Task inputs —

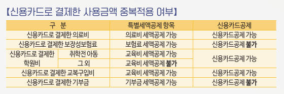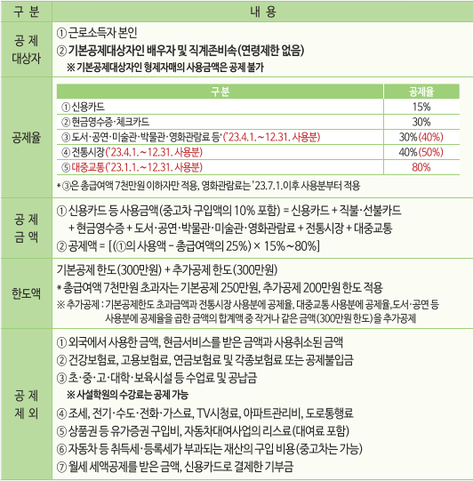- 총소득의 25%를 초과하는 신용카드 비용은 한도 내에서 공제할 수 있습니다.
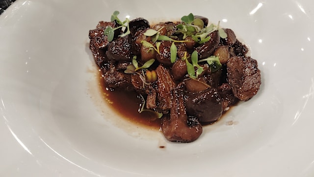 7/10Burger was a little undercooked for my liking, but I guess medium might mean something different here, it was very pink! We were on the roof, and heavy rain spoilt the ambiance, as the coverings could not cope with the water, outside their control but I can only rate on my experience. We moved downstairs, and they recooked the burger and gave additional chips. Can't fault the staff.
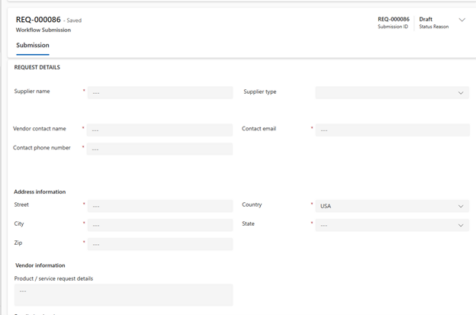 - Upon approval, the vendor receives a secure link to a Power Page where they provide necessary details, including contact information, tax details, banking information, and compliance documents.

==

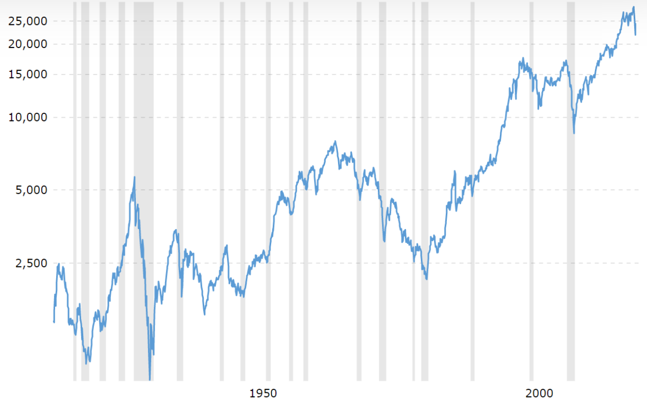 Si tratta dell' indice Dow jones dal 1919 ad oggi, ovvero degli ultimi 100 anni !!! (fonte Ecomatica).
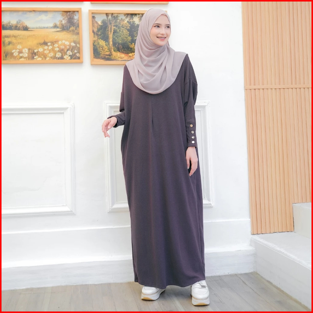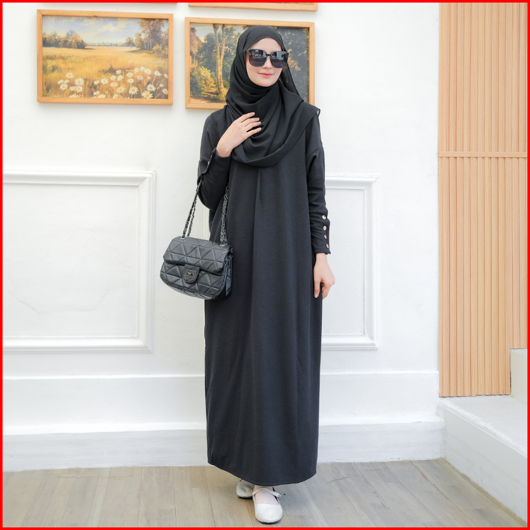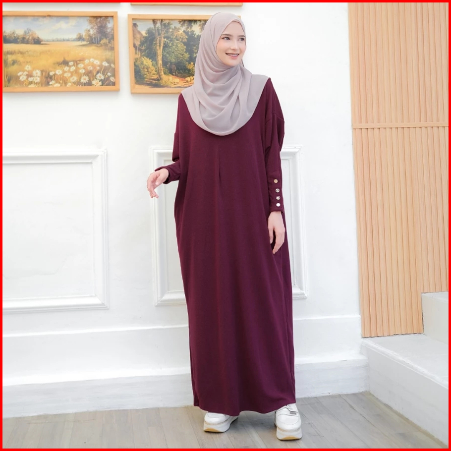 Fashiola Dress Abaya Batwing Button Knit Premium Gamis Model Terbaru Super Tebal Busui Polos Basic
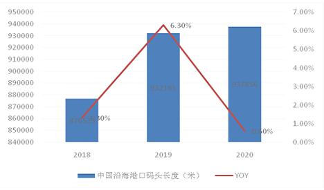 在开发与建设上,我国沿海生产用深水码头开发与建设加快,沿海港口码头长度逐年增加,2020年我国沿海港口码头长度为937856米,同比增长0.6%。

Task — Using the records above, return verbatim only the part that opens with the line containing "Fashiola Dress Abaya" and closes with the line containing "在开发与建设上,我国沿海生产"; pictures stay out.

Written answer —
 Fashiola Dress Abaya Batwing Button Knit Premium Gamis Model Terbaru Super Tebal Busui Polos Basic
 在开发与建设上,我国沿海生产用深水码头开发与建设加快,沿海港口码头长度逐年增加,2020年我国沿海港口码头长度为937856米,同比增长0.6%。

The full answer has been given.